While people in the past used to be terribly worried about hackers etc. breaking into their computer and thus accessing their data, the current (at least gradually progressing) exhibitionism on the social web (feel free to call it ‘web 2.0‘) combined with a status quo of today’s search technology already enables to gain impressive insights not only into user’s private details, but also into users’ behaviour.
Such insights are of great relevance for e.g. the advertising industry as they enable advertisers to ‘efficiently target‘ the users and to supply them with ‘tailored ads‘, minimizing advertising waste coverage.
Not being able to index social networks thus constitutes a competitive disadvantage and thus search engines are willing to pay to be granted access to such data. As the data on e.g. Twitter and Facebook however is changing in “real time” SEs were required to modify the way in which they index data to be able to cope with short term peaks caused by unexpected events (e.g. Hudson river plane crash, Michael Jackson’s death, more >>here<<).
The service TweetPsych for example creates a psychological profile of any public Twitter account and compares it to the others already in their database. This enables the service to identify those traits/issues that are used more or less frequently by the user analysed.
Far less creepy but still interesting, Google also offers a service to help you gaining and combining information from the (social) web. The service Google Social Graph, still a Beta and aiming at developers, makes information about the public connections between people on the Web, expressed by certrain markup languages (XFN and FOAF) and other publicly declared connections, easily available. The service however returns only web addresses of public pages and publicly declared connections between them.

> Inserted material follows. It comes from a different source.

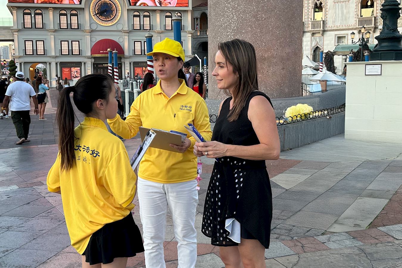 来自西班牙的克塞梅(Keseme)女士与家人一起到拉斯维加斯旅游,看到正在炼功的法轮功学员很好奇,也跟着学员一起做起第三套功法的炼功动作。

The service is not able to access non-public information, such as private profile pages or websites accessible to a limited group of friends.
Google’s statement on the sources for their data doesn’t necessarily mean much as having e.g. a friend on facebook who has fully published and opened his profile for search engines will thus also enable search engines to gain access to certain data from your profile.
“Certain categories of information such as your name, profile photo, list of friends and pages you are a fan of, gender, geographic region, and networks you belong to are considered publicly available to everyone, including Facebook-enhanced applications, and therefore do not have privacy settings. […]”